While some Big Pharmas try to diversify themselves, either BMS or AbbVie is a good example of becoming a more focused and innovative pharma. But does this model fit the local market in China?


New Marketing Tools

Currently, roughly 80% of Big Pharma business is generated by branded generics in China. However, in coming years for most MNCs, the share of branded generics business will see a decline and be replaced by increasingly innovative business because of intensive generics competition as well as pricing pressure.


Introducing more and more innovative products in China requires stronger communication/education with physicians. However, in the current environment of doctors shying away from sales reps, how to conduct medical education has become an inevitable question for all of Big Pharma.


More companies are leveraging digital tools to educate doctors. Meanwhile, medical-affairs departments are playing a more important role in communicating with doctors.


“It is a fantastic opportunity for Medical and Companies to take new initiatives to demonstrate the value such as innovative product/TA-based medical programs for physicians, payers and patients in a compliance way,” James Cai, Amgen Inc.’s VP for Global Regulatory and Value, Access & Policy, Japan and Asia, said at the June 19 China Medical Affairs Summit in Shanghai.


However, with a lack of communication skills, in-house medical teams may face challenges as much as opportunities.


“One of them is to engage a third-party/organization with expertise to design and create such a program and execute it effectively and timely when in-house medical is in a premature stage. In addition, companies can work together on a new class of treatment alternatives and patient disease management.... We definitely need to develop the professional capability such as MSL,” Cai added.


“Third-party education excellence also plays a critical role for faster introduction of innovative drugs to China patients as we all understand such education can bring the cutting-edge knowledge of new therapy to China academia,” concurred James Mao, Medical Affairs Director at Baxter China.


“The key question is how. Third-party independent education seems to be the best approach to secure impartial information dissemination. Under the huge unmet medical needs in China, we can perceive that third-party education will play a more and more important role in the near future,” Mao predicted.


Dark Before Dawn

China is encouraging innovation to fuel its growth in the future. The trend of healthcare reform is toward a new system of affordable treatment with greater efficacy. Domestic champions and biotech startups are pursuing innovative medicine and lobbying the government for quicker approval and reimbursement for innovative products.

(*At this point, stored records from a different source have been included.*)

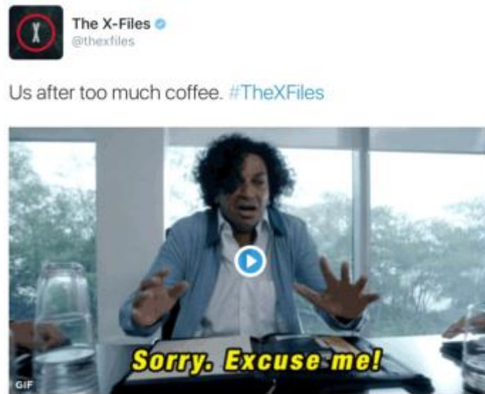
Figure 4: The X-Files profile re-signifies the scene from the ‘ Founder’s Mutation ’ episode.

The use of memes helped propagate tweets in the plot profile by exploring everyday situations such as the grueling work routine, the traffic jam of large cities, and the surplus of coffee. The publications drew the attention of users who were not following the series.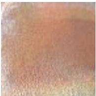
Glaze Combination 14 50% PG808 Beetle Juice 50% PG802 Copper Flash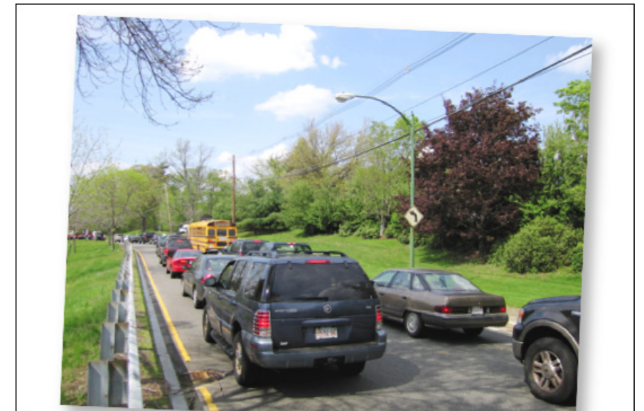
Don’t let this happen to Fells parkways!

Last month we filed opposition to the impacts of this project at the Massachusetts Appeals Court, but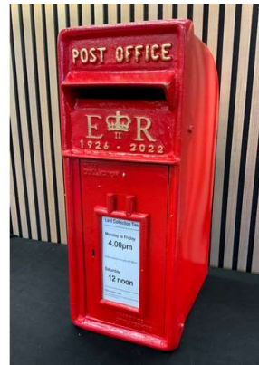
155. V - NEW - ER 1926-2022 CAST POST BOX RED 57CM WITH KEY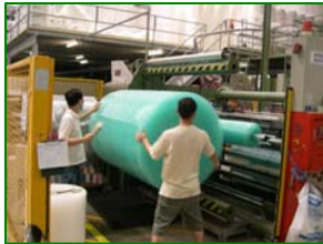
REVERTE added at manufacturing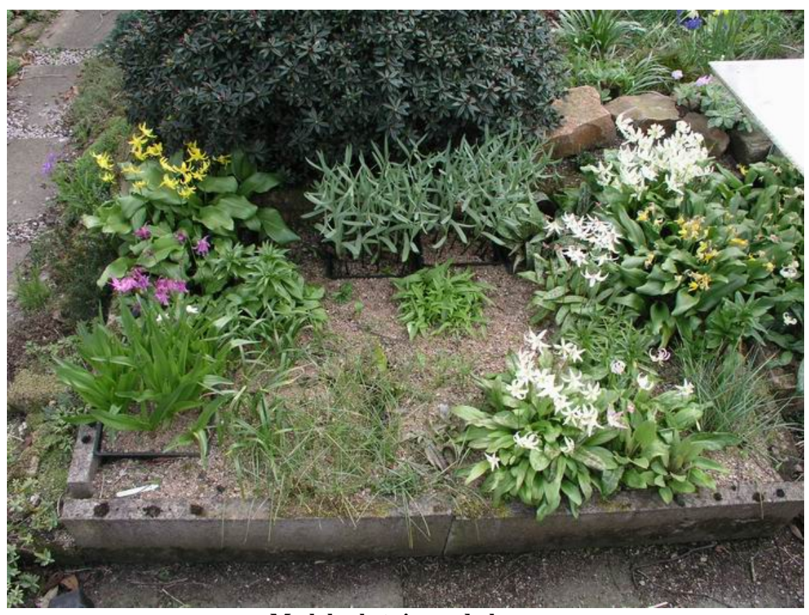
Mesh baskets in sand plunge

Some Narcissus and Crocus will flower in three years from seed as will many lilies but it is normal to have to wait until year five to seven for Fritillaria and Erythronium.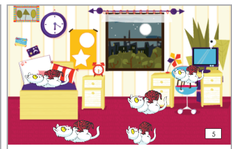
Estos son gatos siguro tu conoses estos animales toma leche y esta bien suave.Pero no le gusta agu.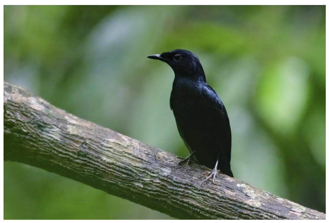
Black Shama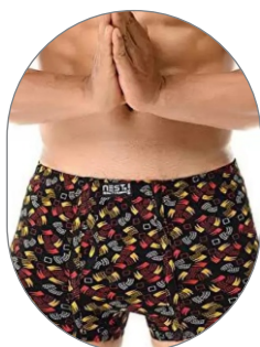
Printed Mini Trunk Inner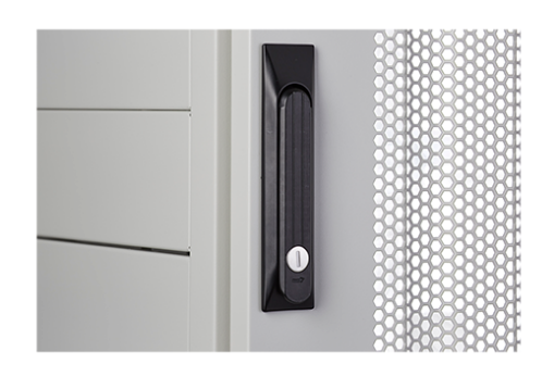
2-point lock wave vented front door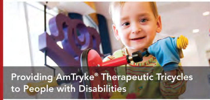
Providing AmTryke® Therapeutic Tricycles to People with Disabilities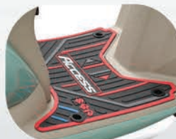
Floor Mat Black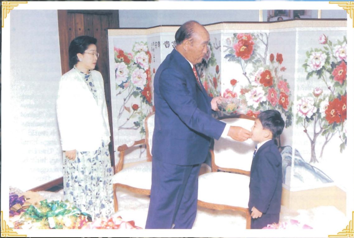
Father feeds Shin Joong Nim with food from the offering table.

During the recent 25th session of the U.S.-China Joint Commission on Commerce and Trade [JCCT], China promised to cut red tape for imports of new, innovative pharmaceuticals and medical devices.


China will accelerate its study and push forward its reform of the medical device and pharmaceutical regulatory review and approval system, and will make great efforts to eliminate the drug application backlog within 2 to 3 years. China’s efforts will include adding personnel and funds, streamlining relevant mechanisms and increasing the speed of review, according to the U.S. Department of Commerce.


The country also is revising its Drug Administration Law and Drug Registration Rules and reforming its pricing system.


There is no doubt that the market in China is still on track to become the largest pharmaceutical market in the future. Once the regulatory process becomes more favorable, the Big Pharmas that are shifting to more innovative products could be bigger winners.